Begin with the line that holds "Obverse (front) of" and retype through the last line of the listing below, exactly; pictures are not part of the copy.

Given information
____

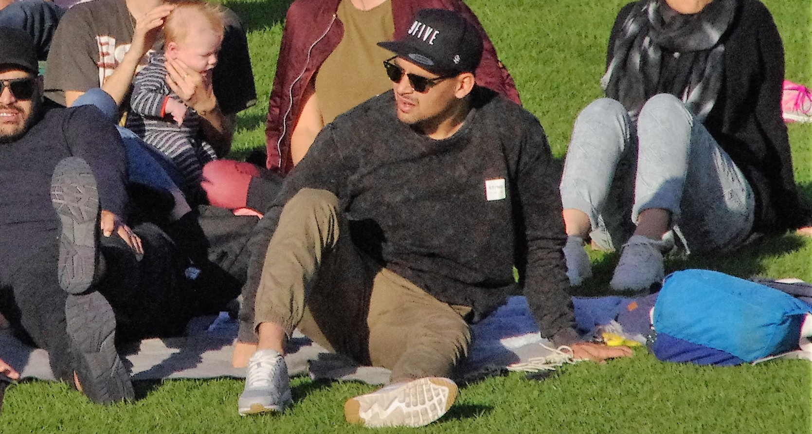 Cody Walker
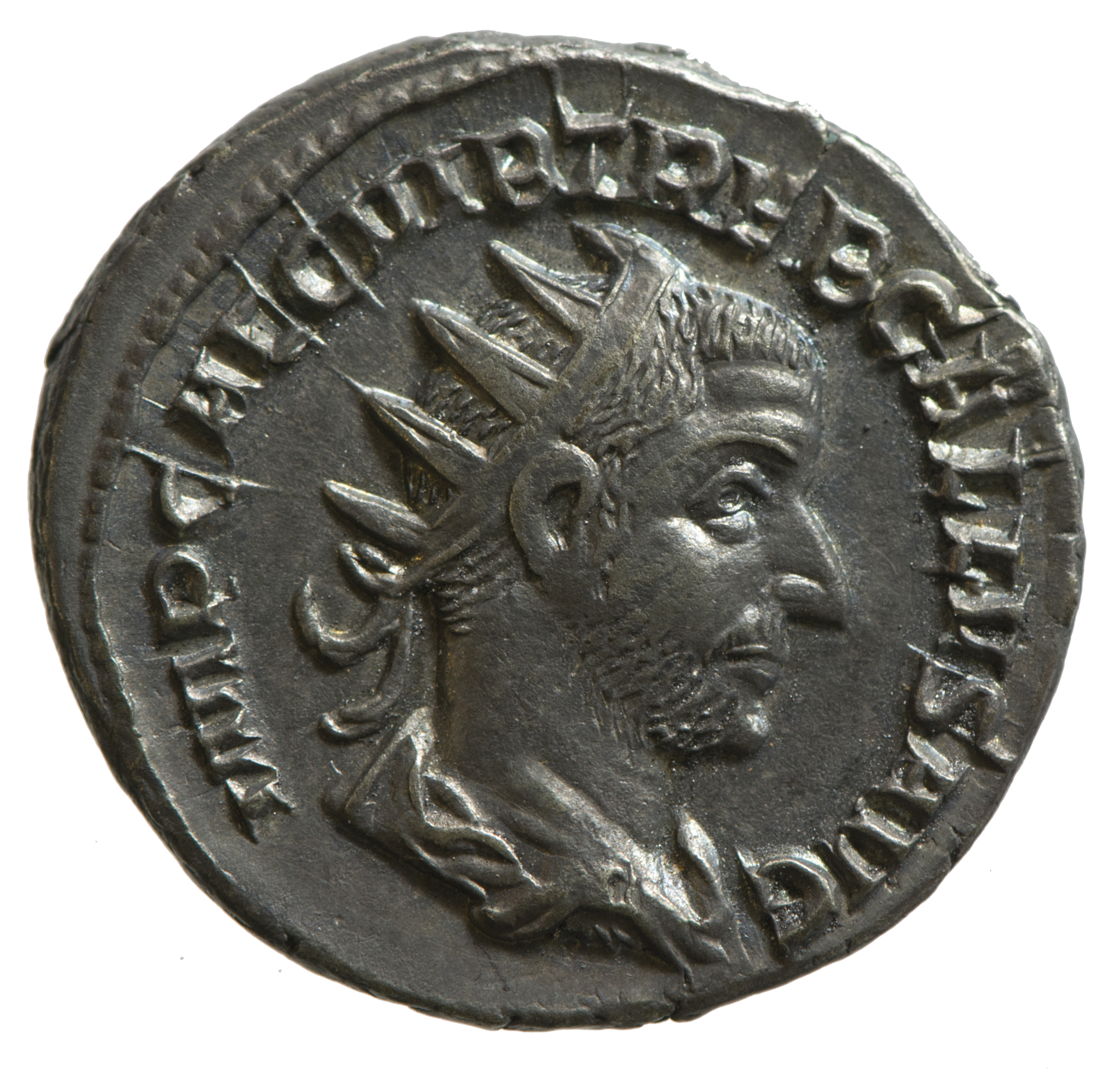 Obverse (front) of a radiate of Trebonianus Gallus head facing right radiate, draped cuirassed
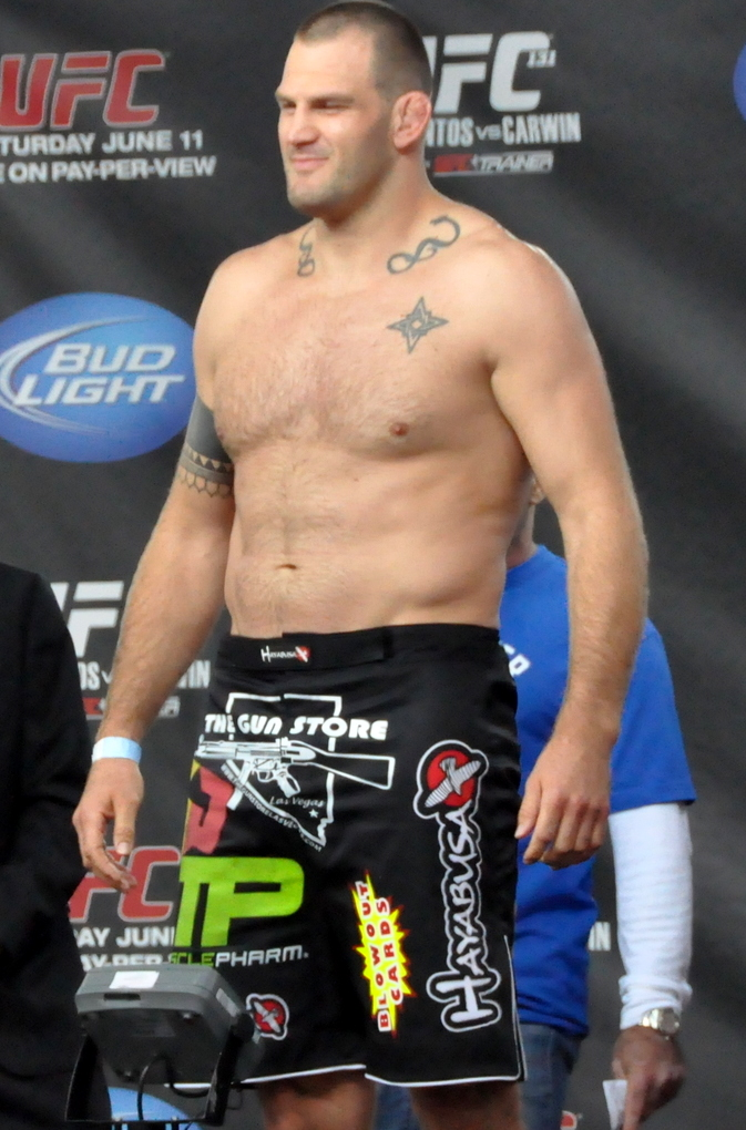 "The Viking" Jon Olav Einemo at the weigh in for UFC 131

____

Task output
 Obverse (front) of a radiate of Trebonianus Gallus head facing right radiate, draped cuirassed
 "The Viking" Jon Olav Einemo at the weigh in for UFC 131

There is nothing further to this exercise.